[Data below]

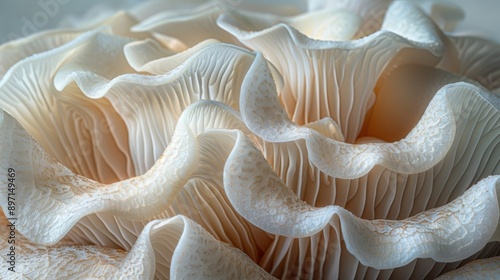 A close-up photograph showcasing the intricate folds and delicate textures of a beautiful, exotic, and unique mushroom, displaying nature's artistry in the form of elegant, wavy gills and soft hues
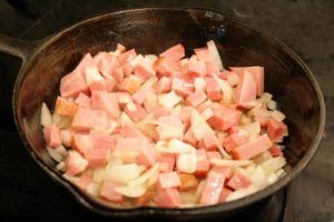 - Add chopped onion and cubed ham and sauté over medium heat until onions are soft, about 5-6 minutes.
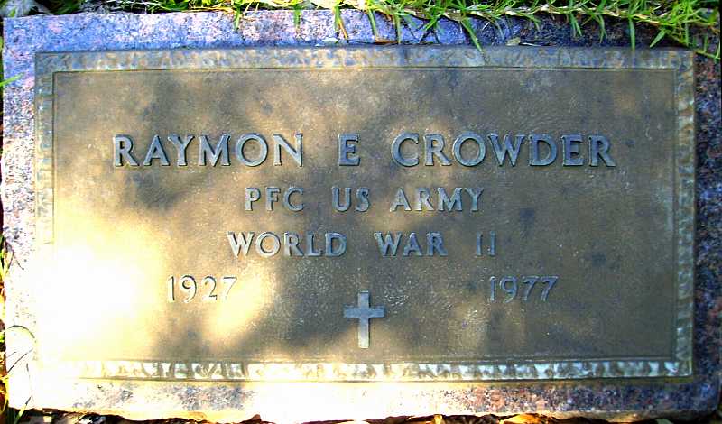 | CROWDER, RAYMON E. | 1927 | 1977 | "PFC US ARMY" "WORLD WAR II" Christian Cross emblem |

[/Data below]

== Exercise requirements ==
The pictures in the listing above are to be dropped, and everything else reproduced exactly.

== Answer for the task ==
 A close-up photograph showcasing the intricate folds and delicate textures of a beautiful, exotic, and unique mushroom, displaying nature's artistry in the form of elegant, wavy gills and soft hues
 - Add chopped onion and cubed ham and sauté over medium heat until onions are soft, about 5-6 minutes.
 | CROWDER, RAYMON E. | 1927 | 1977 | "PFC US ARMY" "WORLD WAR II" Christian Cross emblem |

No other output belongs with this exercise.